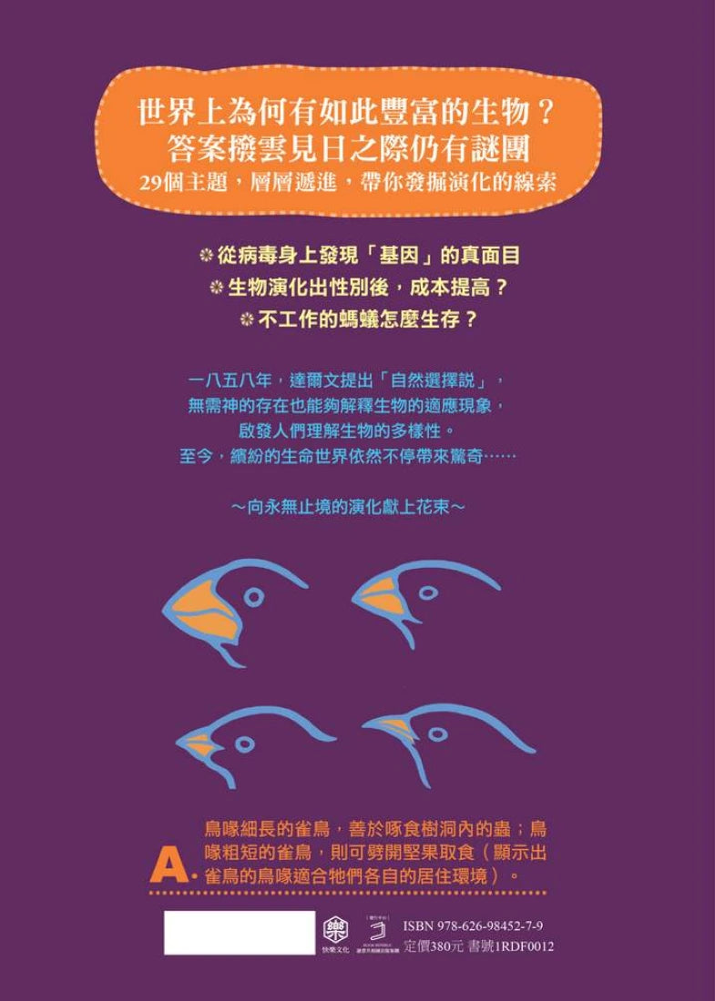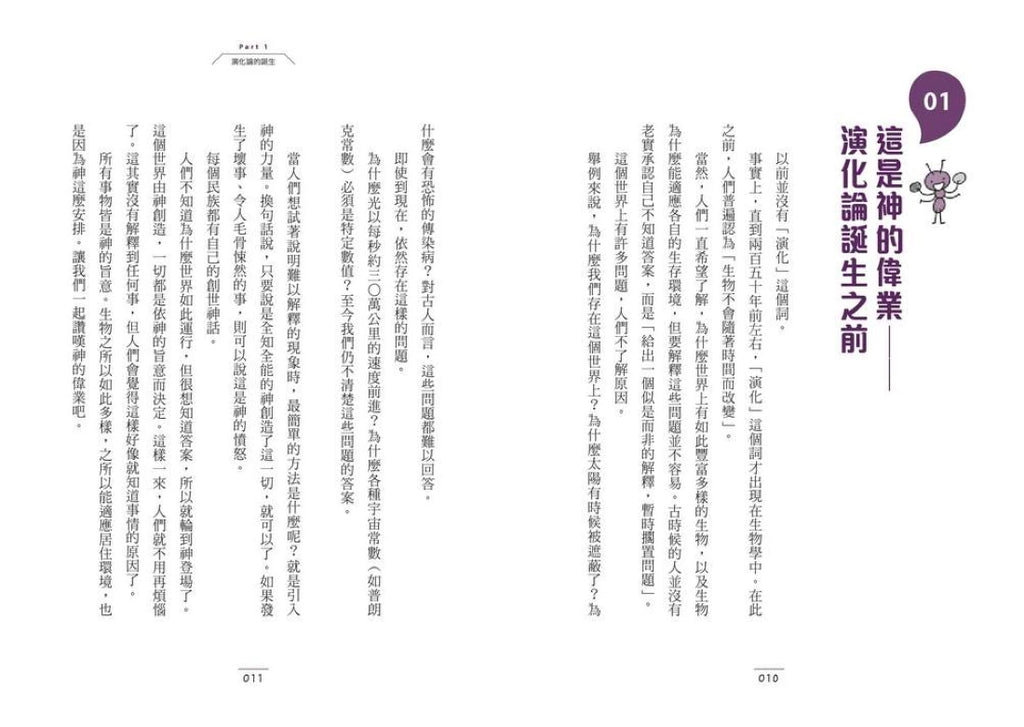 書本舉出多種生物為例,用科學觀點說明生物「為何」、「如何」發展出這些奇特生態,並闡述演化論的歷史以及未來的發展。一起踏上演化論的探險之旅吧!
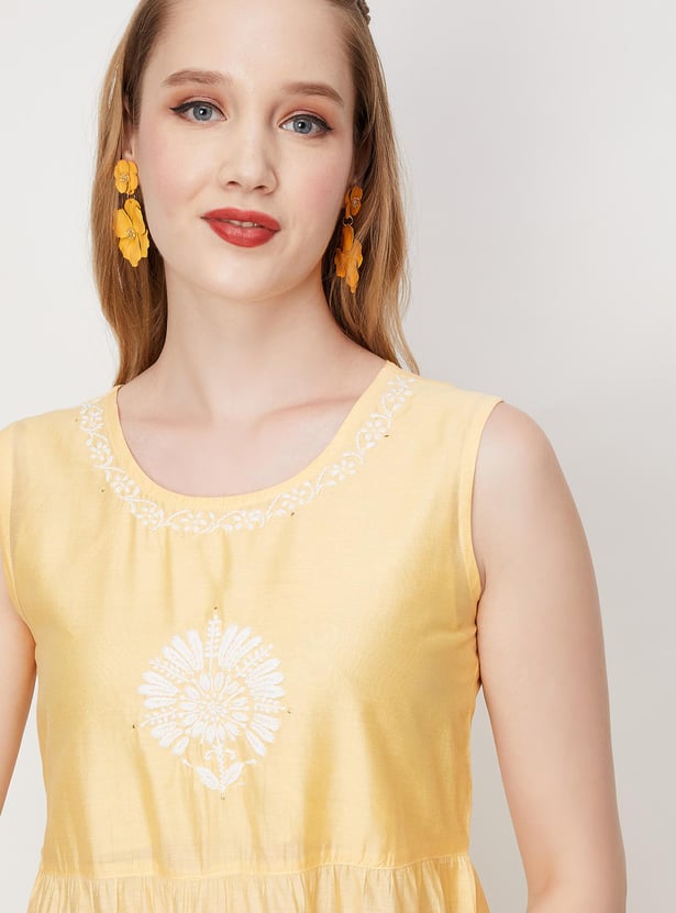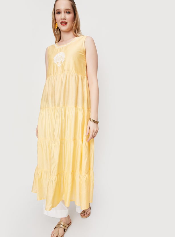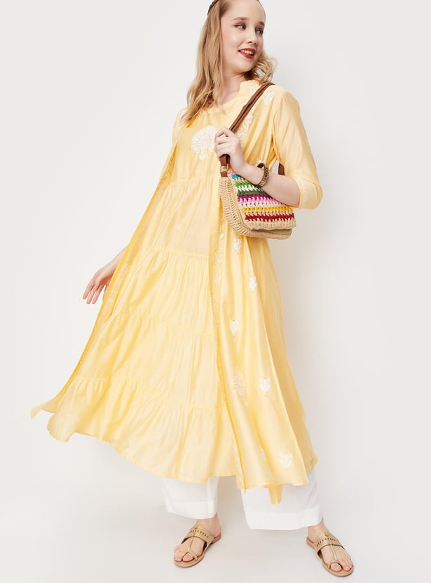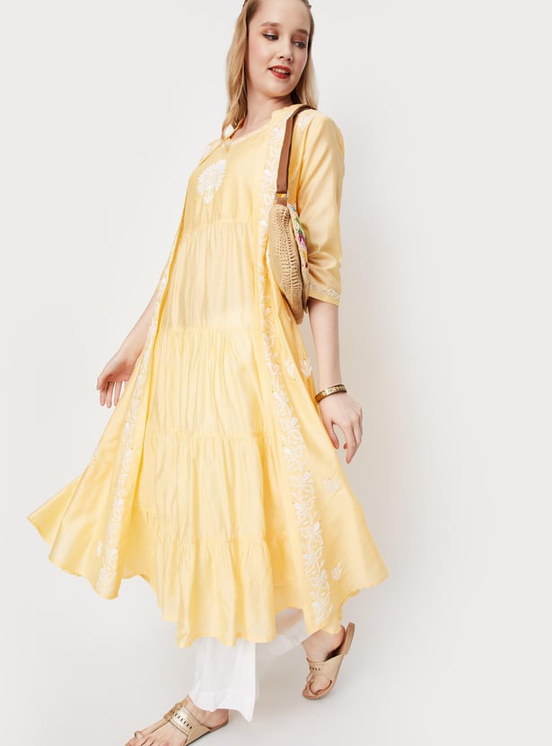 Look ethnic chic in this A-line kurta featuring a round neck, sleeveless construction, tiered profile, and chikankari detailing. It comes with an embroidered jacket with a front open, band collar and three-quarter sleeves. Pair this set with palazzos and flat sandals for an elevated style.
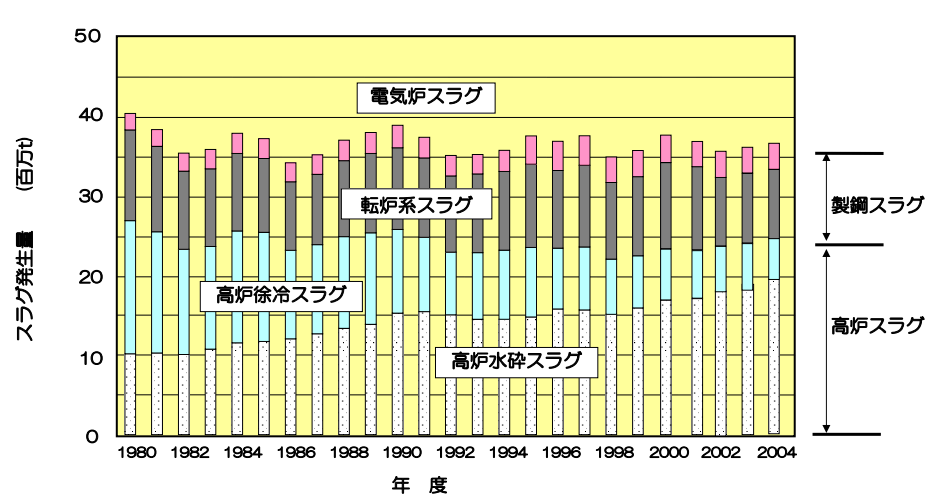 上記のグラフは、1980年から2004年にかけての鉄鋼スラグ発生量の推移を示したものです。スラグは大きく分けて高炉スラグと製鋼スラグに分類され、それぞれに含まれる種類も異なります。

########################################

# [EXERCISE]
All of the data is to be transcribed exactly, with images omitted.

# [EXERCISE OUTPUT]
 書本舉出多種生物為例,用科學觀點說明生物「為何」、「如何」發展出這些奇特生態,並闡述演化論的歷史以及未來的發展。一起踏上演化論的探險之旅吧!
 Look ethnic chic in this A-line kurta featuring a round neck, sleeveless construction, tiered profile, and chikankari detailing. It comes with an embroidered jacket with a front open, band collar and three-quarter sleeves. Pair this set with palazzos and flat sandals for an elevated style.
 上記のグラフは、1980年から2004年にかけての鉄鋼スラグ発生量の推移を示したものです。スラグは大きく分けて高炉スラグと製鋼スラグに分類され、それぞれに含まれる種類も異なります。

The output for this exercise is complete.